- Metrology Center, Guangdong Power Grid Co., Ltd., Qingyuan, China
To realize transparent monitoring and resilience improvement of low-voltage distribution network, both the data acquisition scope and frequency have been greatly expanded. Cloud-edge collaboration leverages the edge server’s real-time response capabilities and the cloud server’s robust data processing power to enhance the performance of high-frequency data acquisition processing. Nonetheless, it continues to confront challenges such as the entanglement of optimization variables, the presence of uncertain information, and a lack of awareness regarding acquisition frequencies. In this paper, we propose a machine learning-based cloud-edge collaborative data processing optimization algorithm to minimize the weighted sum of data processing delay and device energy consumption for distribution network resilience improvement. The joint optimization problem is decoupled into device-edge data offloading subproblem and edge-cloud data splitting subproblem, which are solved by the proposed upper confidence bound (UCB) based frequency-aware device-edge data offloading optimization algorithm and the exponential-weight algorithm for exploration and exploitation (EXP3) based edge-cloud data splitting optimization algorithm, respectively. Simulation results show that the proposed algorithm is superior to existing algorithms in performances of energy consumption and total processing delay.
1 Introduction
With a high proportion of unstable distributed renewable sources, energy storage, and controllable loads connected to the low-voltage distribution network, its transparent monitoring and resilience improvement have become an indispensable requirement Zhou et al. (2022); Yang et al. (2023); Ding et al. (2024); Wang et al. (2018); Chen et al. (2021). A large number of high-frequency acquisition devices need to be deployed in the low-voltage distribution network to collect multi-dimensional operation data such as voltage and current to support continuous monitoring, unmanned control, and fault detection, improving the resilience of distribution network operation Shah et al. (2020); Li et al. (2023); Soltani et al. (2023); Tariq et al. (2020). Compared with conventional devices, both the data acquisition scope and frequency have been greatly expanded. However, due to the limited computation and energy resources of devices, it is difficult to satisfy the stringent and differentiated data processing requirements of electric services Liao et al. (2020); Liu and Cao (2021); Li et al. (2024b), Li et al. (2024c).

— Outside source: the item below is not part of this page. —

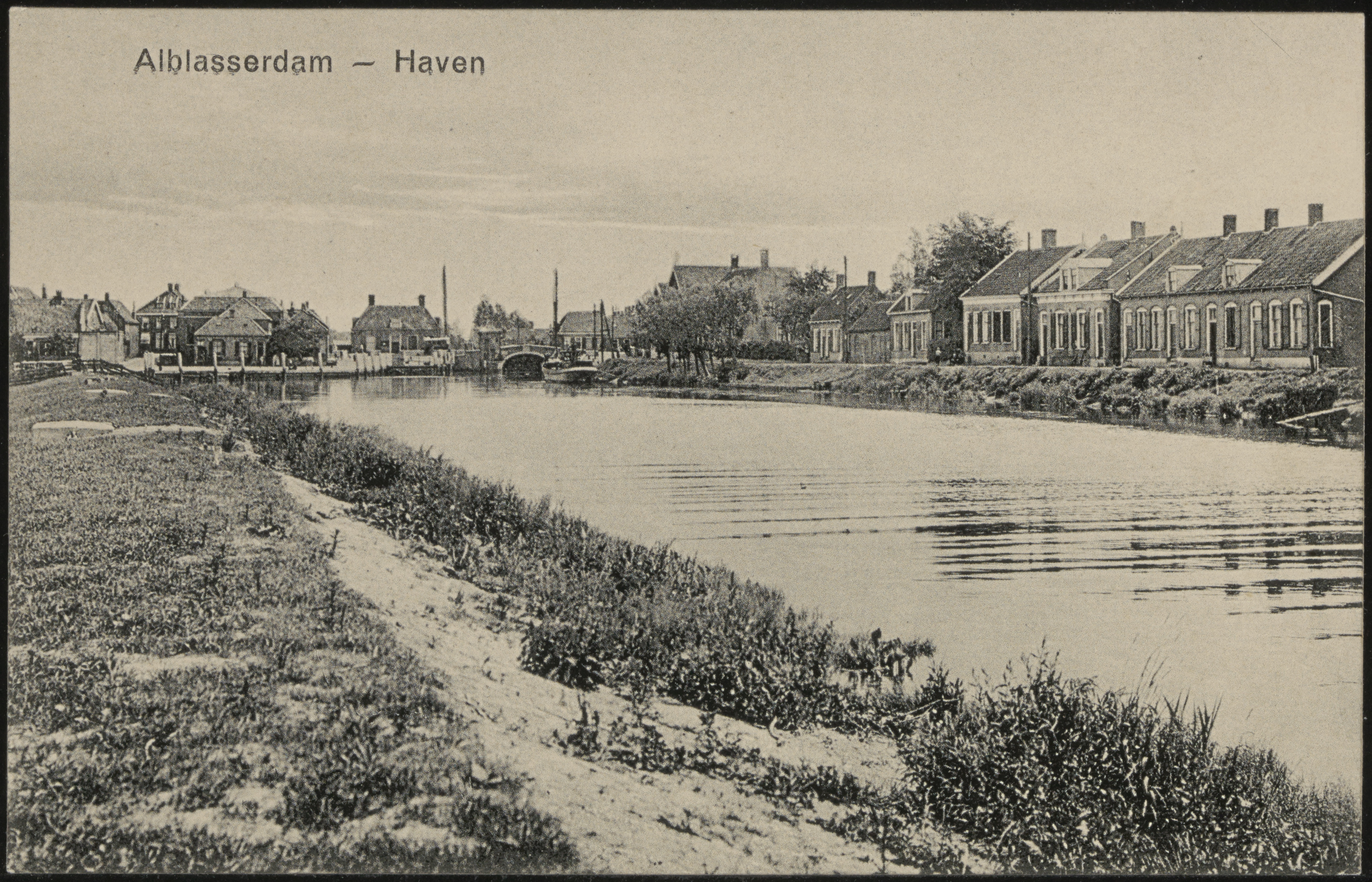 Gezicht op de sluis met rechts Zuiderstek en links het Stoep met het Waardhuis er achter in Alblasserdam.

Cloud-edge collaboration is a new convergent distributed computing paradigm, which combines the advantages of edge computing and cloud computing Laili et al. (2023); Jiang et al. (2023); Zhang et al. (2021). High-frequency acquisition devices offload the collected data to either edge server or offload the data to cloud server for remote processing. The real-time response capability of edge server and the large data processing capability of cloud server are integrated to improve data processing performance Gao et al. (2022); Dong et al. (2021); Guo et al. (2020); Naeem et al. (2021). However, the application of cloud-edge collaborative high-frequency acquisition data processing for distribution network resilience improvement still faces several challenges.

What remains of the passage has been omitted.